In A.A. we learn that since we are alcoholics, we can be uniquely useful people. That is, we can help other alcoholics when perhaps somebody who has not had our experience with drinking could not help them. That makes us uniquely useful. The A.A.s are a unique group of people because they have taken their own greatest defeat and failure and sickness and used it as a means of helping others. We who have been through the same thing are the ones who can best help other alcoholics.

Four Horsemen

“The less people tolerated us, the more we withdrew from society, from life itself. As we became subjects of King Alcohol, shivering denizens of his mad realm, the chilling vapor that is loneliness settled down. It thickened, ever becoming blacker. Some of us sought out sordid places, hoping to find understanding companionship and approval. Momentarily we did – then would come oblivion and the awful awakening to face the hideous Four Horsemen – Terror, Bewilderment, Frustration, Despair.”

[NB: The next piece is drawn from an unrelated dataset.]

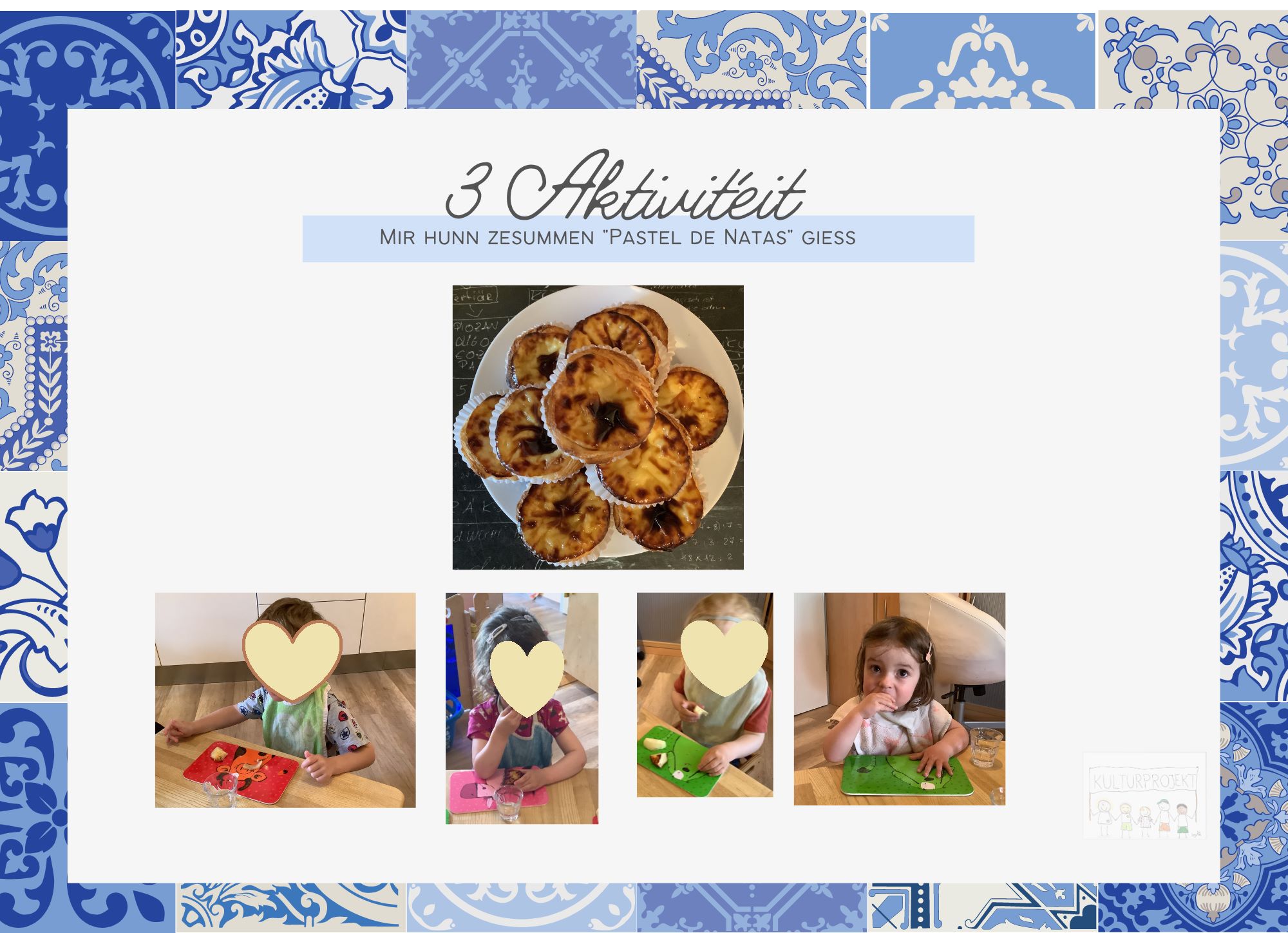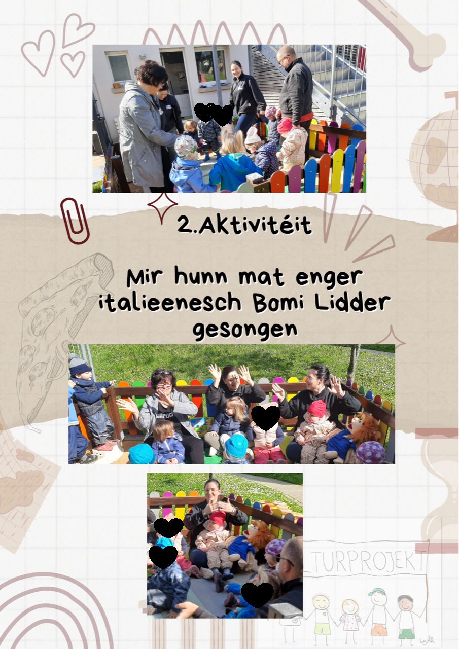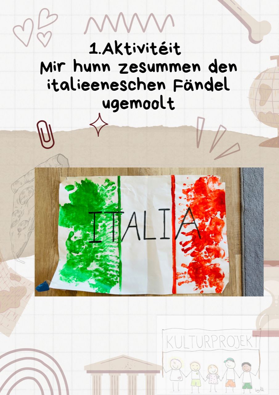 Im Rahmen unseres Kulturprojekts reisen wir monatlich in die verschiedenen Herkunftsländer d. Kinder & gestalten dazu in Zusammenarbeit mit den Eltern & dem Koch verschiedene Aktivitäten. Die Muttersprache der Kinder ist ein Teil ihrer Identität, weshalb wir sie damit valorisieren möchten. Zu dem jeweiligen Land begleiten uns Geschichten, Lieder, Tänze, Spiele, Bastelarbeiten, kulinarische Gerichte & Ideen der Eltern, die mit einfließen. Unser Kulturprojekt lädt dazu ein, die Sprachen der Kinder aufzugreifen & zu erweitern.

“We used to amuse ourselves by cynically dissecting spiritual beliefs and practices when we might have observed that many spiritually-minded persons of all races, colors, and creeds were demonstrating a degree of stability, happiness and usefulness which we should have sought ourselves. Instead, we looked at the human defects of these people and sometimes used their shortcomings as a basis of wholesale condemnation. We talked of intolerance, while we were intolerant ourselves. We missed the reality and the beauty of the forest because we were diverted by the ugliness of some of its trees. We never gave the spiritual side of life a fair hearing.”

“A.A. is no success story in the ordinary sense of the word. It is a story of suffering transmuted, under grace, into spiritual progress.”

Step Six: Were entirely ready to have God remove all these defects of character.
“It is plain for everybody to see that each sober A.A. member has been granted a release from this very obstinate and potentially fatal obsession. So in a very complete and literal way, all A.A.’s have ‘become entirely ready’ to have God remove the mania for alcohol from their lives. And God has proceeded to do exactly that. “Having been granted a perfect release from alcoholism, why then shouldn’t we be able to achieve by the same means a perfect release from every other difficulty or defect? This is a riddle of our existence, the full answer to which may be only in the mind of God”.